■ What needs to be done: In the records below, find the line with "- Если замес" and the line with "Pakaian Luar Jaket". Print both exactly, along with every line between them, and no other line.

■ Exercise material:
****************

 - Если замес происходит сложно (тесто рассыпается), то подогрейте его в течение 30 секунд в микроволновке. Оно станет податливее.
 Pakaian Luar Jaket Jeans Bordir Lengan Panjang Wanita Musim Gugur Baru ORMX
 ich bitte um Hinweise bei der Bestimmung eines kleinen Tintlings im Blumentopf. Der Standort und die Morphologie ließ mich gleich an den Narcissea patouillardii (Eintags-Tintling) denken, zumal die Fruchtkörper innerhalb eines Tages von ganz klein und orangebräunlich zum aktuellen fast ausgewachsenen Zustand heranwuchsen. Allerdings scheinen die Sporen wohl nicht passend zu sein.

****************

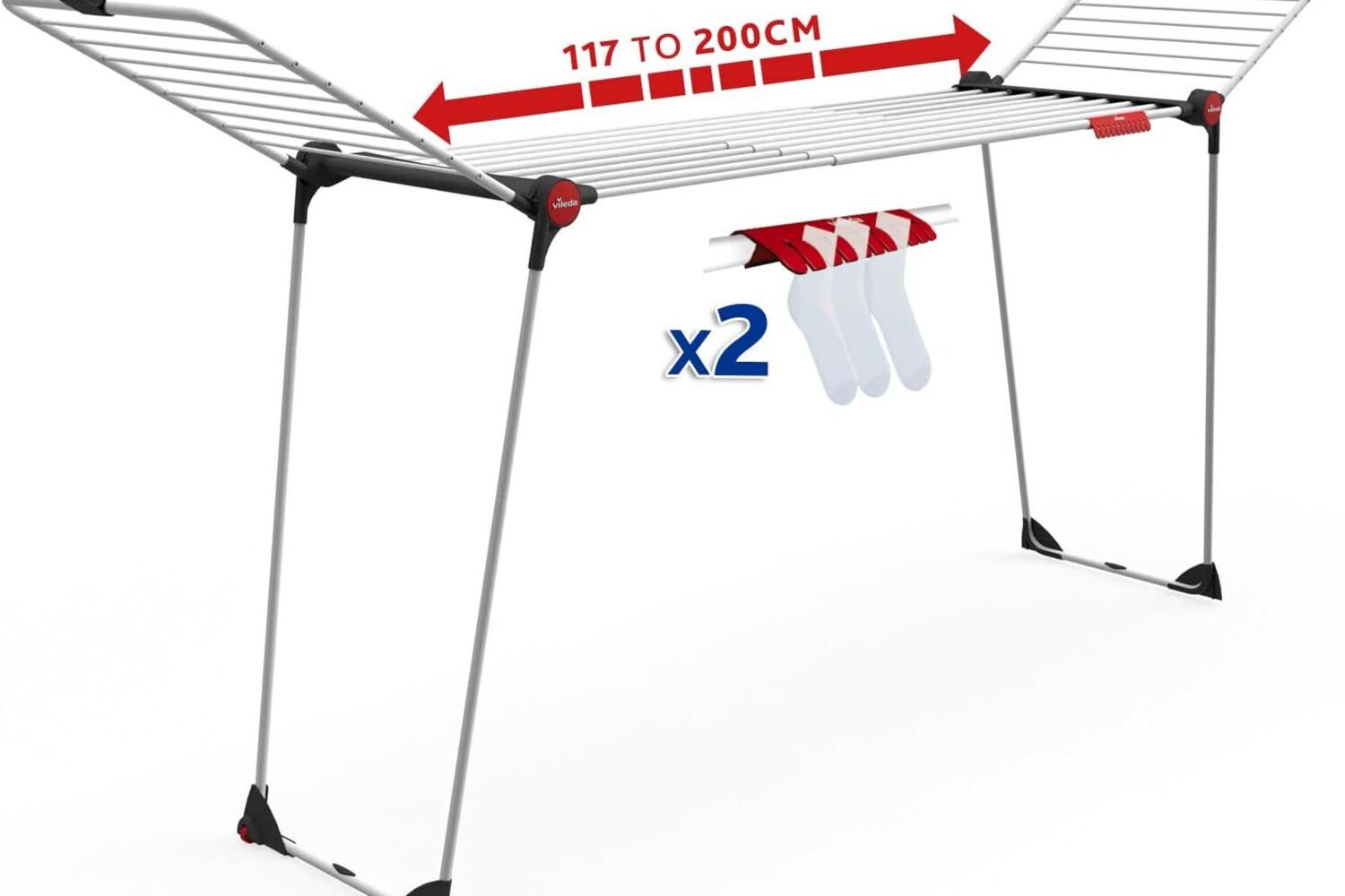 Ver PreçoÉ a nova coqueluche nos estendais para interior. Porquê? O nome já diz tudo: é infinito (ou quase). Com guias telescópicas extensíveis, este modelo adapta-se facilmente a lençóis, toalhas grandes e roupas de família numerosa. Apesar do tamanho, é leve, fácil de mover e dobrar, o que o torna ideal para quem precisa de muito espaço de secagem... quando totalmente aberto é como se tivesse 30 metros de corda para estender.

****************

■ Answer for this exercise:
 - Если замес происходит сложно (тесто рассыпается), то подогрейте его в течение 30 секунд в микроволновке. Оно станет податливее.
 Pakaian Luar Jaket Jeans Bordir Lengan Panjang Wanita Musim Gugur Baru ORMX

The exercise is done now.